UPS as a primary cardiac tumor is extremely rare and accounts for approximately 1.7% of all cardiac tumors [1, 2]. The prognosis of UPS is poor owing to its highly aggressive and locally invasive characteristics. Mean patient survival period is approximately 1 year after diagnosis [2, 3]. Complete resection is the most recommended treatment for UPS [2,3,4], but is rarely accomplished in emergency cases because of the patients’ unstable condition and complex anatomical location of tumors upon initial examination.

In our case, the patient presented with acute and severe left heart failure and underwent emergency surgery. However, local recurrence occurred twice in the LA, and distant metastasis to the left adrenal gland was observed. Next, he was treated with proton beam radiation for the recurred tumors, and oral chemotherapy with tyrosine-kinase inhibitor (pazopanib), which is the only molecularly targeted drug authorized for treatment for sarcoma in our country, was additionally selected to suppress tumor activity [5, 6]. While he was receiving chemotherapy with pazopanib for 8 months after the completion of the second radiotherapy with proton beam, local recurrence and distant metastasis were not observed on CT and other imaging modalities.
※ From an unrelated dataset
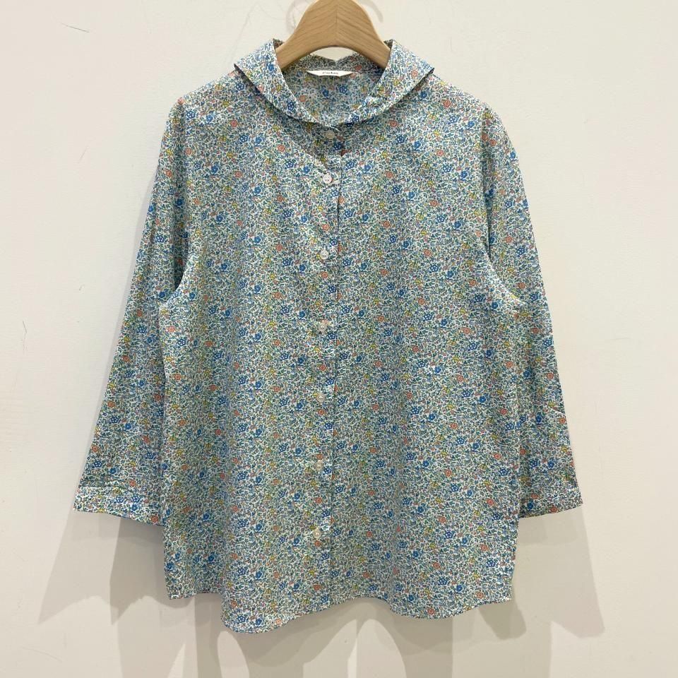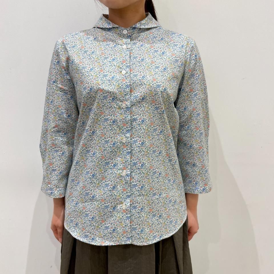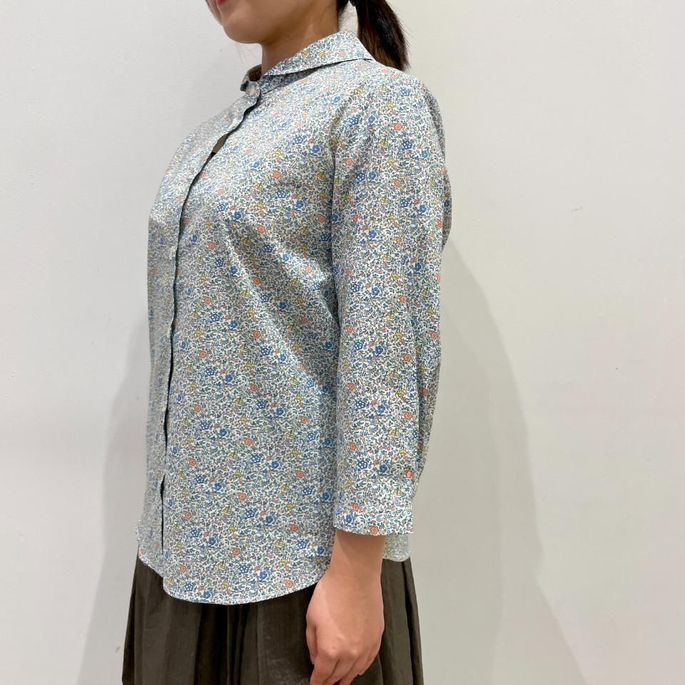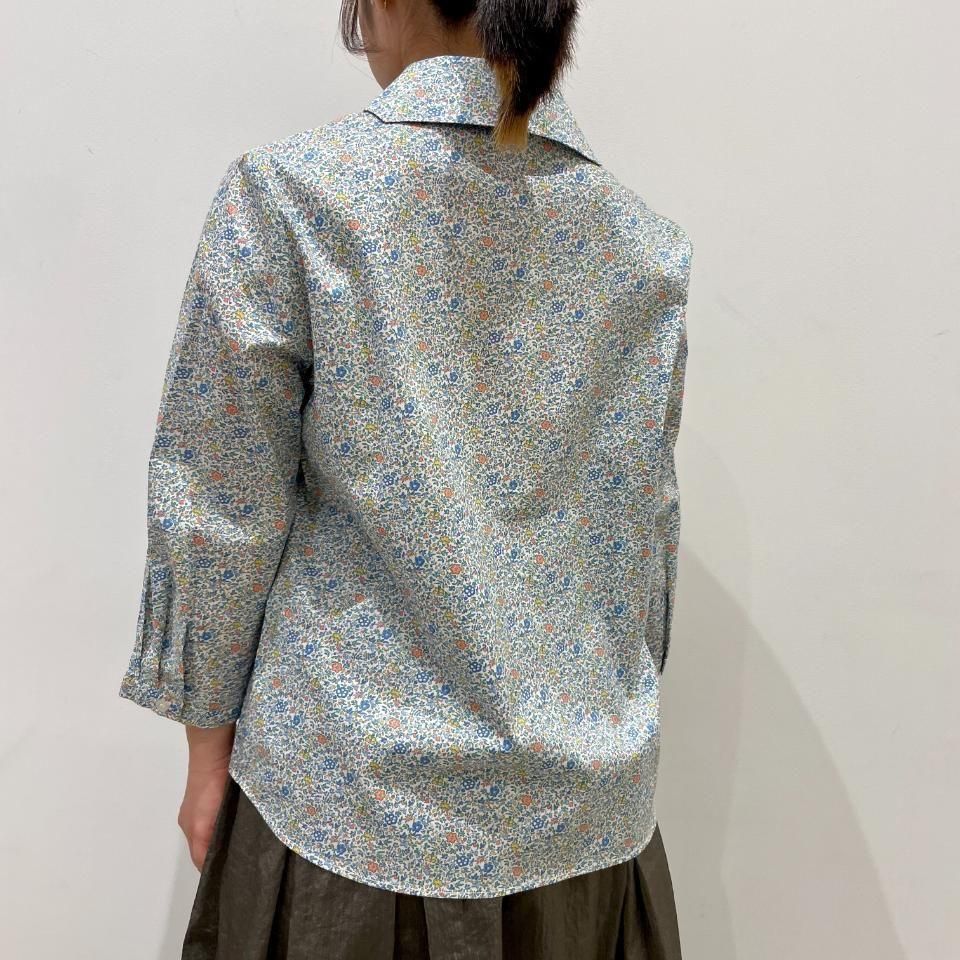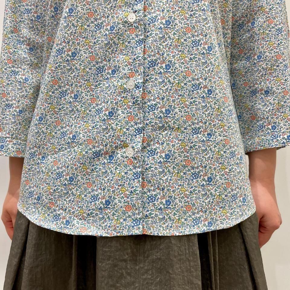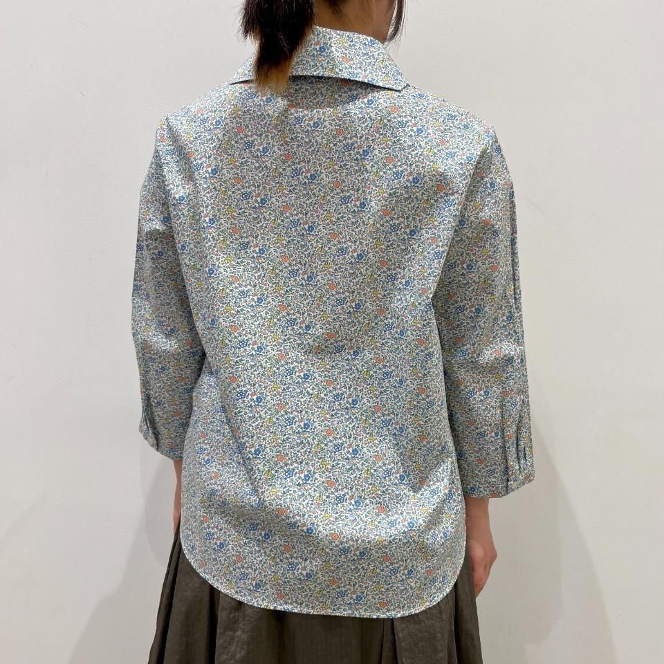 リバティプリントのセーラーカラー7分袖レギュラーシャツ。

An effective treatment for UPS except for surgical resection has not been thus far reported. Proton beam radiation is described as available for malignant tumors, including sarcoma [3]. However, there are restrictions for target sites and limitation of exposure radiation dose in those methods. Therefore, combined therapy, comprising radiotherapy, chemotherapy, and surgery may be effective for controlling UPS without majorly affecting the general condition of patients or causing damage to the organs and tissues around the targets.

Incidentally, our patient was suffering from arthralgia of both lower limbs several months before the initial diagnosis, and local recurrence and metastasis were observed; however, his pain disappeared after surgery and radiotherapy. There were no specific tumor markers on the blood test that indicated an activity of UPS. Thus, arthralgia may be a significant indicator of the tumor activity on clinical scenes.

Conclusions

A patient with a primary cardiac tumor of UPS, which caused acute heart failure, was rescued by an emergency open-heart surgery. After receiving combined therapy for local recurrence and distant metastasis, including proton beam radiotherapy and chemotherapy with molecularly targeted drugs, he could return to work. Then, he survived for 2 more years after surgery under control of UPS.